2.2 Penyebab Kemiskinan

  Jika dilihat dari penyebabnya, kemiskinan dapat dibagi menjadi dua kelompok, yaitu:

  2.2.1 Kemiskinan Kultural

  Kemiskinan kultural merupakan suatu kondisi kemiskinan yang terjadi karena kultur, budaya atau adat istiadat yang dianut oleh suatu kelompok masyarakat. Kebiasaan masyarakat yang merasa cepat puas dengan apa yang telah di milikinya sifat bermalas-malasan dan cara berpikir masyarakat yang kurang rasional dapat menyebabkan terjadinya kemiskinan pada masyarakat kelompok ini. Kemiskinan kultural diakibatkan oleh faktor-faktor adat dan budaya tertentu yang membelenggu seseorang tetap melekat dengan indikator kemiskinan.

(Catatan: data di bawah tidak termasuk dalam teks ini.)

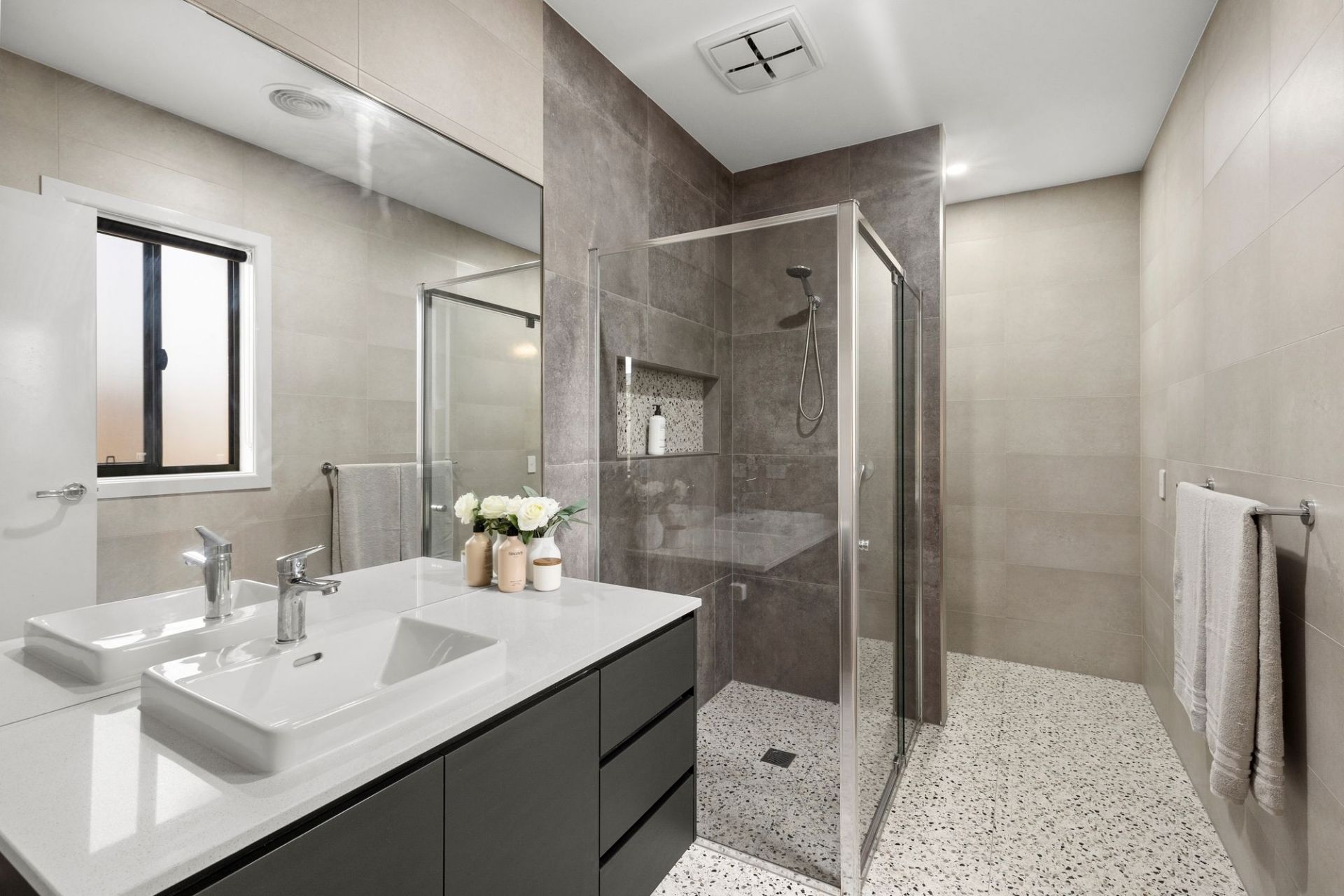 -Stylish, fully tiled ensuite with stone vanity, oversized shower, terrazzo floor tiling & underfloor heating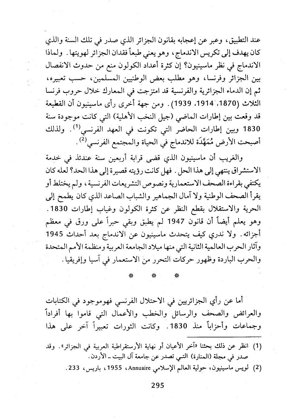 عند التطبيق، وعبر عن إعجابه بقانون الجزائر الذي صدر في تلك السنة والذي كان يهدف إلى تكريس الاندماج، وهو يعني طبعا فقدان الجزائر لهويتها. ولماذا الاندماج في نظر ماسينيون؟ إن كثرة أعداد الكولون منع من حدوث الانفصال بين الجزائر وفرنسا، وهو مطلب بعض الوطنيين المسلمين، حسب تعبيره، ثم إن الدماء الجزائرية والفرنسية قد امتزجت في المعارك خلال حروب فرنسا الثلاث (1870، 1914، 1939). ومن جهة أخرى رأى ماسينيون أن القطيعة قد وقعت بين إطارات الماضي (جيل النخب الأهلية) التي كانت موجودة سنة 1830 وبين إطارات الحاضر التي تكونت في العهد الفرنسي (¬1). ولذلك أصبحت الأرض ممهدة للاندماج في الحياة والمجتمع الفرنسي (¬2).

  2.2.2 Kemiskinan Struktural

  Kemiskinan struktural merupakan kemiskinan yang disebabkan oleh kondisi alam yang kurang menguntungkan sehingga masyarakat tidak dapat memanfaatkan sumber daya alam yang ada untuk mencapai kesejahteraan. Kondisi alam yang kurang menguntungkan berupa tanah tandus, letak daerah yang terpencil, tidak adanya sumber daya mineral dan nonmineral, serta miskinnya fasilitas-fasilitas publik yang dibutuhkan.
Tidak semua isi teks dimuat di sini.